The committee also called for more consistency in how the Working Groups characterize uncertainty
In the last assessment, each Working Group used a different variation of IPCC’s uncertainty guidelines, and the committee found that the guidance is not always followed. The Working Group II report, for example, contains some statements that were assigned high confidence but for which there is little evidence. In future assessments, all Working Groups should qualify their understanding of a topic by describing the amount of evidence available and the degree of agreement among experts; this is known as the level of understanding scale. And all Working Groups should use a probability scale to quantify the likelihood of a particular event occurring, but only when there is sufficient evidence to do so.
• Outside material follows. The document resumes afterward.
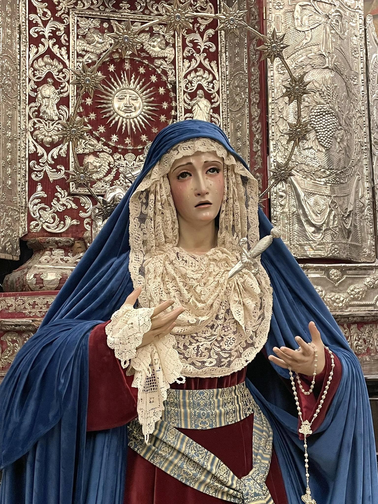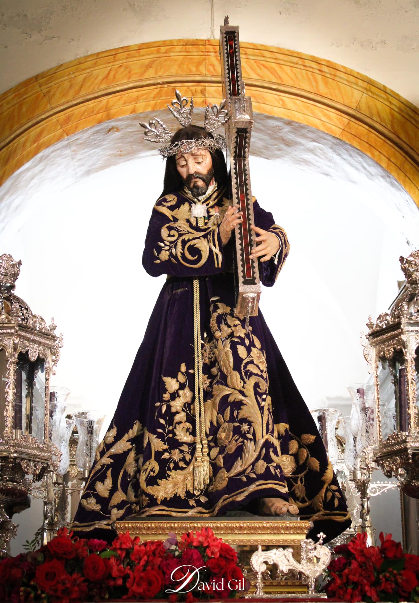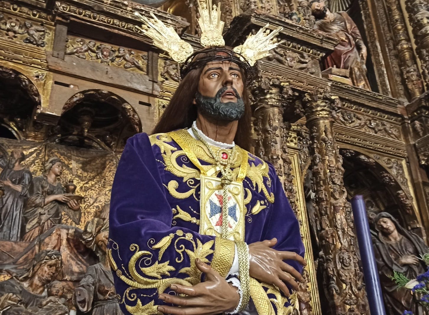 Hábito: Túnica lila de terciopelo bordada por un hermano, así como el guion

The IAC report recommends that IPCC complete and implement a communications strategy now in development. The strategy should emphasize transparency and include a plan for rapid but thoughtful response to crises.
IPCC’s slow and inadequate response to revelations of errors in the last assessment, as well as complaints that its leaders have gone beyond IPCC’s mandate to be “policy relevant, not policy prescriptive” in their public comments, have made communications a critical issue. The IAC report recommends that IPCC complete and implement a communications strategy now in development. The strategy should emphasize transparency and include a plan for rapid but thoughtful response to crises. The relevance of the assessments to stakeholders also needs to be considered, which may require more derivative products that are carefully crafted to ensure consistency with the underlying assessments. Guidelines are also needed on who can speak on behalf of IPCC and how to do so while remaining within the bounds of IPCC reports and mandates.
The IAC committee urged IPCC to be even more creative in maintaining flexibility in the character and structure of assessments
The IAC committee credited IPCC with having proved its adaptability, and urged it to be even more creative in maintaining flexibility in the character and structure of assessments, including possibly releasing the Working Group I report, which examines the physical scientific aspects of climate change, a few years ahead so the other Working Groups can take advantage of the results.
IPCC needs to be as transparent as possible in detailing its processes, particularly its criteria for selecting participants and the type of scientific and technical information to be assessed.
The committee emphasized that in the end the quality of the assessment process and results depends on the quality of the leadership at all levels: “It is only by engaging the energy and expertise of a large cadre of distinguished scholars as well as the thoughtful participation of government representatives that high standards are maintained and that truly authoritative assessments continue to be produced.” It also stressed that because intense scrutiny from policymakers and the public is likely to continue, IPCC needs to be as transparent as possible in detailing its processes, particularly its criteria for selecting participants and the type of scientific and technical information to be assessed.